La préparation du tournage dans la région où se situe l’histoire de Menocchio a duré deux ans, tant pour retrouver les décors de l’époque que pour restituer l’environnement d’un personnage simple, hors du commun, et amener le public à retrouver ce qu’a vécu ce meunier qui s’insurge avec tout son bon sens contre l’injustice, la fatalité de la pauvreté et l’inégalité instituée comme règle par la hiérarchie religieuse. « Mon intention première [explique le réalisateur] était que le public rencontre Menocchio au sens le plus large du terme. Pour ce faire, j’ai essayé de faire revivre, ou du moins de me rapprocher du quotidien de l’époque.
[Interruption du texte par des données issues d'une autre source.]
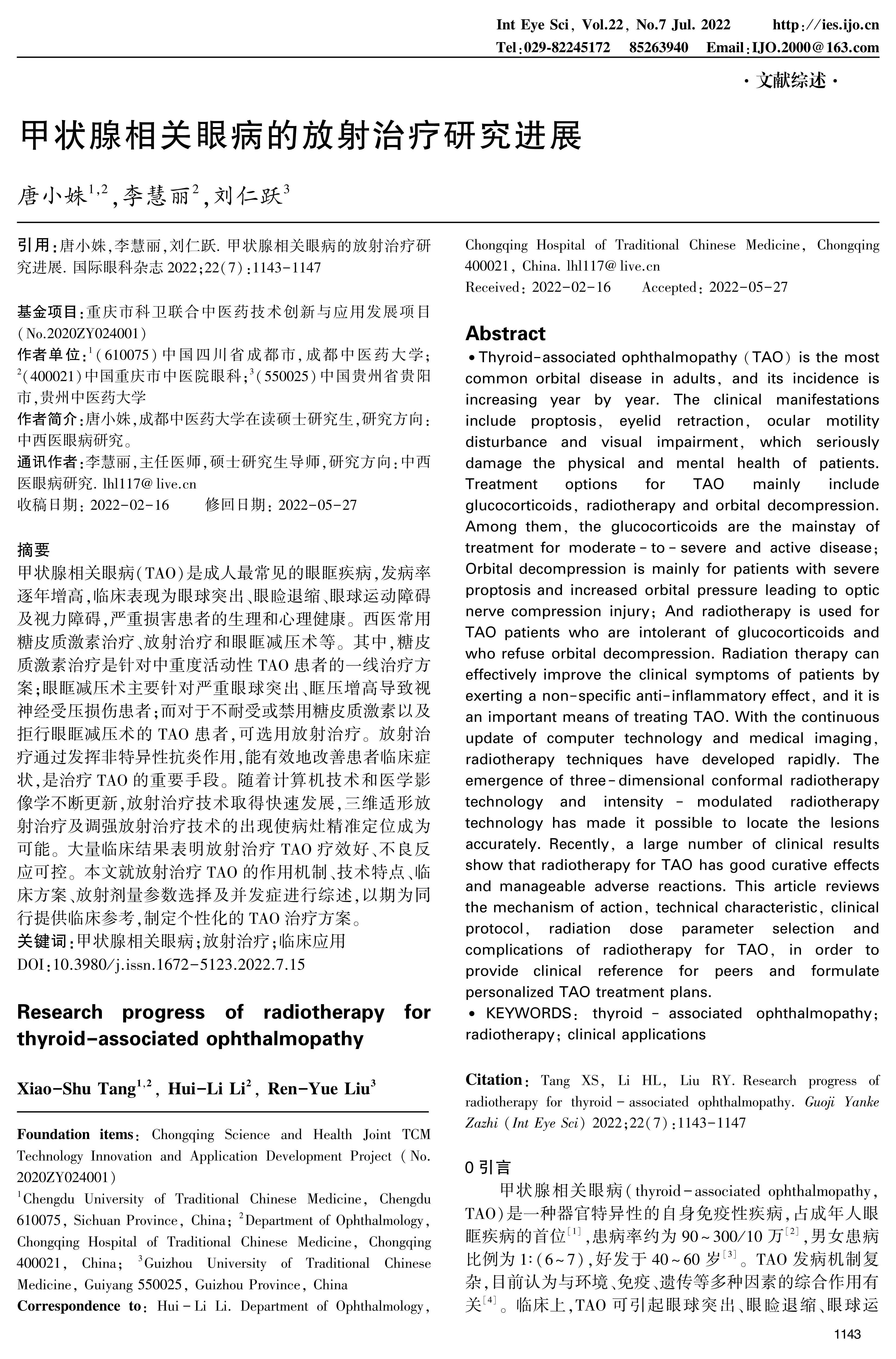Thyroid-associated ophthalmopathy(TAO)is the most common orbital disease in adults, and its incidence is increasing year by year. The clinical manifestations include proptosis, eyelid retraction, ocular motility disturbance and visual impairment, which seriously damage the physical and mental health of patients. Treatment options for TAO mainly include glucocorticoids, radiotherapy and orbital decompression. Among them, the glucocorticoids are the mainstay of treatment for moderate-to-severe and active disease; Orbital decompression is mainly for patients with severe proptosis and increased orbital pressure leading to optic nerve compression injury; And radiotherapy is used for TAO patients who are intolerant of glucocorticoids and who refuse orbital decompression. Radiation therapy can effectively improve the clinical symptoms of patients by exerting a non-specific anti-inflammatory effect, and it is an important means of treating TAO. With the continuous update of computer technology and medical imaging, radiotherapy techniques have developed rapidly. The emergence of three-dimensional conformal radiotherapy technology and intensity-modulated radiotherapy technology has made it possible to locate the lesions accurately. Recently, a large number of clinical results show that radiotherapy for TAO has good curative effects and manageable adverse reactions. This article reviews the mechanism of action, technical characteristic, clinical protocol, radiation dose parameter selection and complications of radiotherapy for TAO, in order to provide clinical reference for peers and formulate personalized TAO treatment plans.

J’ai donc décidé de ne pas utiliser de lumières artificielles, de tourner avec des acteurs non-professionnels, de ne pas les laisser lire le scénario, de ne pas leur imposer de dialogues, mais plutôt de parler avec chaque personne pour faire ressortir son expérience, sa personnalité. »

Et le résultat est une expérience étonnante où l’on se retrouve à se questionner sur ce qu’on aurait décidé à la place de Menocchio, « tu as une journée pour décider si tu veux vivre ou mourir », lui dit l’un de ses proches dans son cachot éclairé par une seule chandelle, d’ailleurs payée par la famille.

Le film se présente comme une parabole et celle-ci rejoint l’époque actuelle en présentant un homme, qui tente désespérément de lutter contre le pouvoir tout en restant lui-même, « confronté à ses propres peurs et les trahisons des amis qui veulent le faire taire ». Finalement la rhétorique est encore la même aujourd’hui, « l’une des armes permettant de tromper les gens, et leurs jugements, implique nécessairement qu’ils s’éloignent et perdent le contact les uns avec les autres. Ils deviennent [constate Alberto Fasulo] des étrangers et l’on a toujours peur de l’étranger. »

Le débat sur l’éthique, dans une situation de confrontation au pouvoir, garde également la même actualité, et c’est ce que montre le film d’Alberto Fasulo, qui met en scène un individu et sa communauté il y a 500 ans. Le choix du naturalisme pour le tournage offre une vision quasi anthropologique de la relation du village et de ses habitant.es avec le pouvoir, représenté alors par l’Église. Cela crée, de facto, un lien avec les relations d’une communauté aujourd’hui et des individus qui la constituent, et celles entretenues avec le pouvoir actuel, c’est-à-dire l’État, en y ajoutant le poids de la religion et de l’idéologie en cours. Les scènes du procès sont en cela caractéristiques de ce lien direct entre hier et aujourd’hui s’agissant du discours d’opposition. Au centre de l’histoire de ce meunier du XVIème siècle en rébellion spontanée contre le pouvoir de l’Église et des institutions religieuses, est le combat toujours aussi contemporain entre « le système, l’individu et la communauté. »
Menocchio d’Alberto Fasulo est en salles le 17 avril.